◆ Data to process
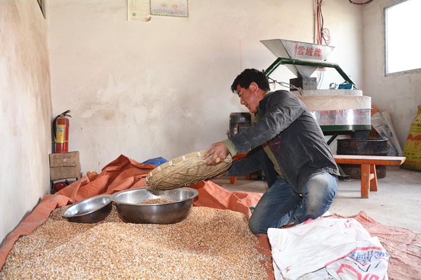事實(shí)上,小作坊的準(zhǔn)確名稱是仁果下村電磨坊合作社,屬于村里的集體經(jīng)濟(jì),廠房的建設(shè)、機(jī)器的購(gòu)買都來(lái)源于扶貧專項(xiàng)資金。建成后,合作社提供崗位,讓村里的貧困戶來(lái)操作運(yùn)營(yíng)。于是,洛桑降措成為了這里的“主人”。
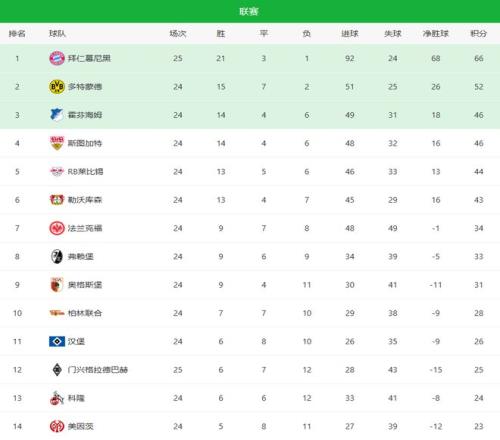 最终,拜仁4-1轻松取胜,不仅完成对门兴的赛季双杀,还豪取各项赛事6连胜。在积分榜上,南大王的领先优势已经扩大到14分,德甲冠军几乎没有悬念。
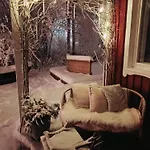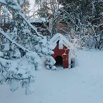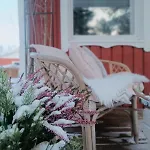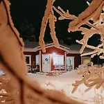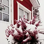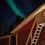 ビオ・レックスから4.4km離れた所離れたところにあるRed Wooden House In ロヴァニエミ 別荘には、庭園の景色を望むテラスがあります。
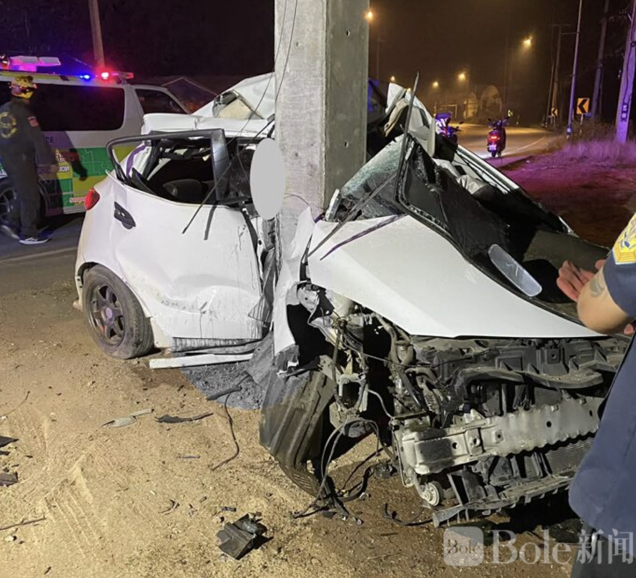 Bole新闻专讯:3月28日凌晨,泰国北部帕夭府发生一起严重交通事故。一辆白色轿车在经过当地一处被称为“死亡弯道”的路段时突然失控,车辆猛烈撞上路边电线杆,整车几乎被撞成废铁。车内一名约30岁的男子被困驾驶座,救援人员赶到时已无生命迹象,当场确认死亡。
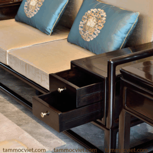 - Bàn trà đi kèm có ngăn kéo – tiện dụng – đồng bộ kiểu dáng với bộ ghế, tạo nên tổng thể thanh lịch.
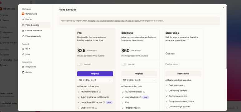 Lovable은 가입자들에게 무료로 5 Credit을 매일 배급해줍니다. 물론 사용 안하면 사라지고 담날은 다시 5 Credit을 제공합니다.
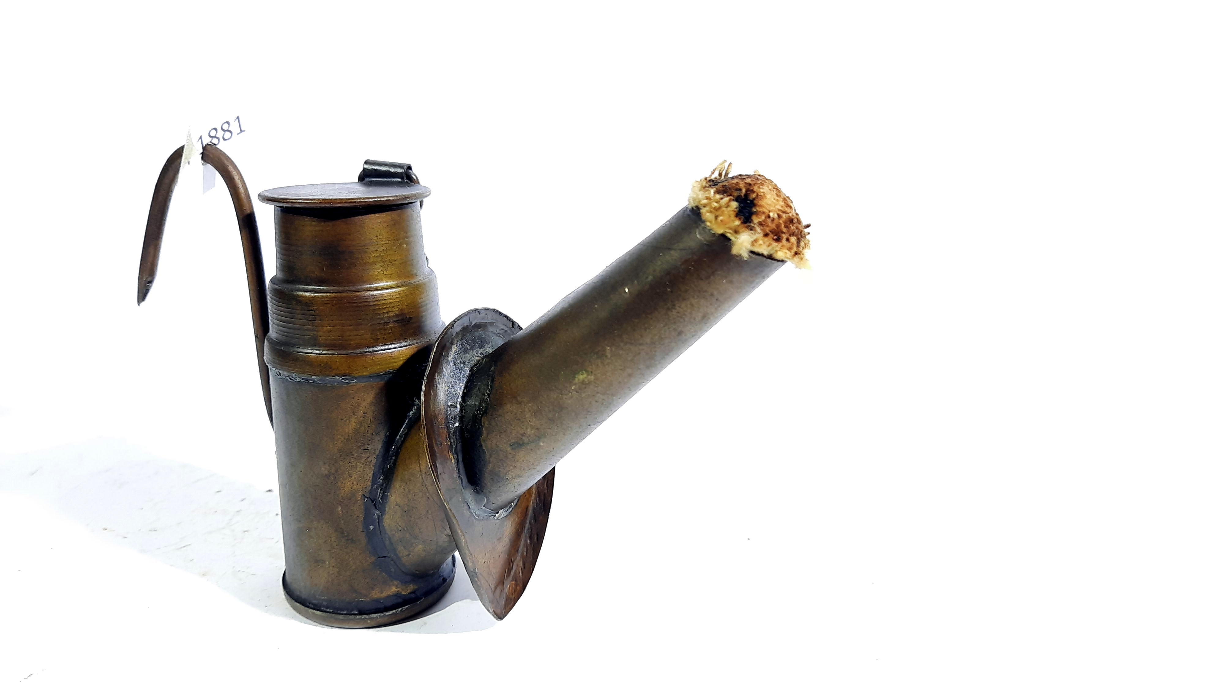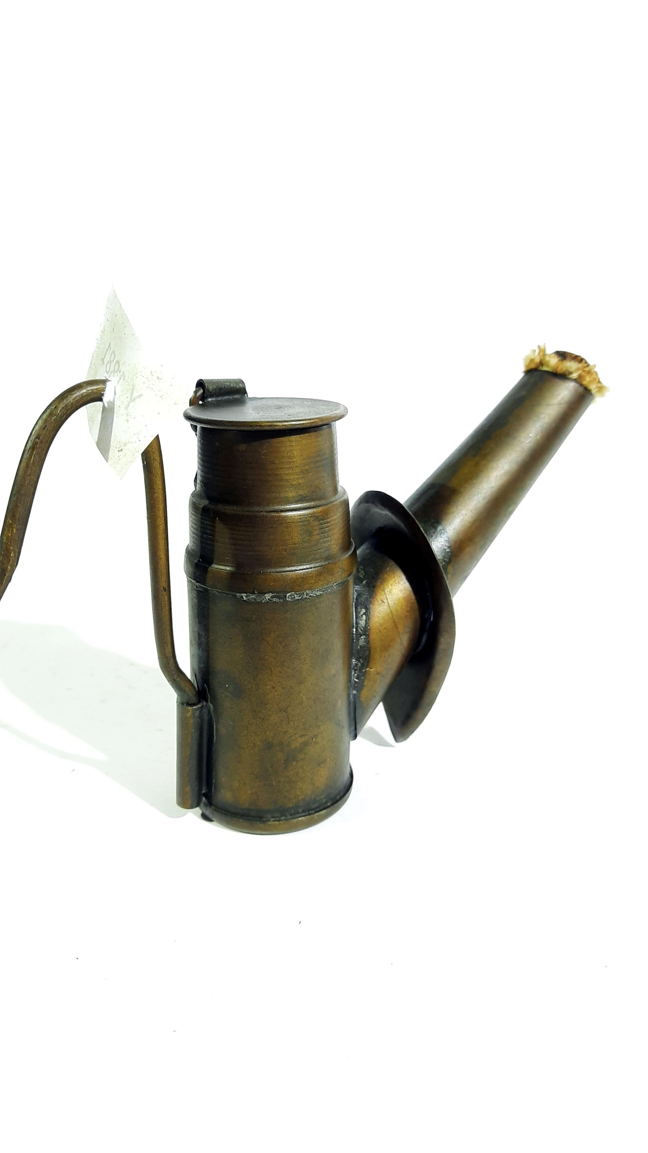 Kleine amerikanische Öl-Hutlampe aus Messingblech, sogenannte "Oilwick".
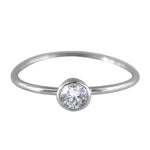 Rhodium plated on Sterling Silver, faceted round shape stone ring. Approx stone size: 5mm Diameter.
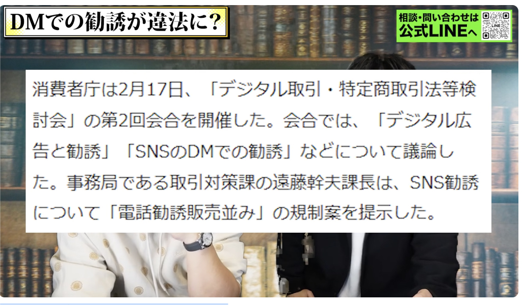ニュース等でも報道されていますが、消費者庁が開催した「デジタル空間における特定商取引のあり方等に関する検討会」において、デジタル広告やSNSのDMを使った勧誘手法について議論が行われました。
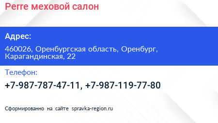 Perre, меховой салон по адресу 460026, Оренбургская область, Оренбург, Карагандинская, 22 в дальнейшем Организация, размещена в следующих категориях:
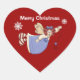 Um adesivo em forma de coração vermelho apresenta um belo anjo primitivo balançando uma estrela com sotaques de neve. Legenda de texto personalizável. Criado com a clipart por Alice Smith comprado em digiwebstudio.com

◆ What to work on
Please set down every line of the listing verbatim, excluding its pictures.

◆ Task output
事實(shí)上,小作坊的準(zhǔn)確名稱是仁果下村電磨坊合作社,屬于村里的集體經(jīng)濟(jì),廠房的建設(shè)、機(jī)器的購(gòu)買都來(lái)源于扶貧專項(xiàng)資金。建成后,合作社提供崗位,讓村里的貧困戶來(lái)操作運(yùn)營(yíng)。于是,洛桑降措成為了這里的“主人”。
 最终,拜仁4-1轻松取胜,不仅完成对门兴的赛季双杀,还豪取各项赛事6连胜。在积分榜上,南大王的领先优势已经扩大到14分,德甲冠军几乎没有悬念。
 ビオ・レックスから4.4km離れた所離れたところにあるRed Wooden House In ロヴァニエミ 別荘には、庭園の景色を望むテラスがあります。
 Bole新闻专讯:3月28日凌晨,泰国北部帕夭府发生一起严重交通事故。一辆白色轿车在经过当地一处被称为“死亡弯道”的路段时突然失控,车辆猛烈撞上路边电线杆,整车几乎被撞成废铁。车内一名约30岁的男子被困驾驶座,救援人员赶到时已无生命迹象,当场确认死亡。
 - Bàn trà đi kèm có ngăn kéo – tiện dụng – đồng bộ kiểu dáng với bộ ghế, tạo nên tổng thể thanh lịch.
 Lovable은 가입자들에게 무료로 5 Credit을 매일 배급해줍니다. 물론 사용 안하면 사라지고 담날은 다시 5 Credit을 제공합니다.
 Kleine amerikanische Öl-Hutlampe aus Messingblech, sogenannte "Oilwick".
 Rhodium plated on Sterling Silver, faceted round shape stone ring. Approx stone size: 5mm Diameter.
ニュース等でも報道されていますが、消費者庁が開催した「デジタル空間における特定商取引のあり方等に関する検討会」において、デジタル広告やSNSのDMを使った勧誘手法について議論が行われました。
 Perre, меховой салон по адресу 460026, Оренбургская область, Оренбург, Карагандинская, 22 в дальнейшем Организация, размещена в следующих категориях:
 Um adesivo em forma de coração vermelho apresenta um belo anjo primitivo balançando uma estrela com sotaques de neve. Legenda de texto personalizável. Criado com a clipart por Alice Smith comprado em digiwebstudio.com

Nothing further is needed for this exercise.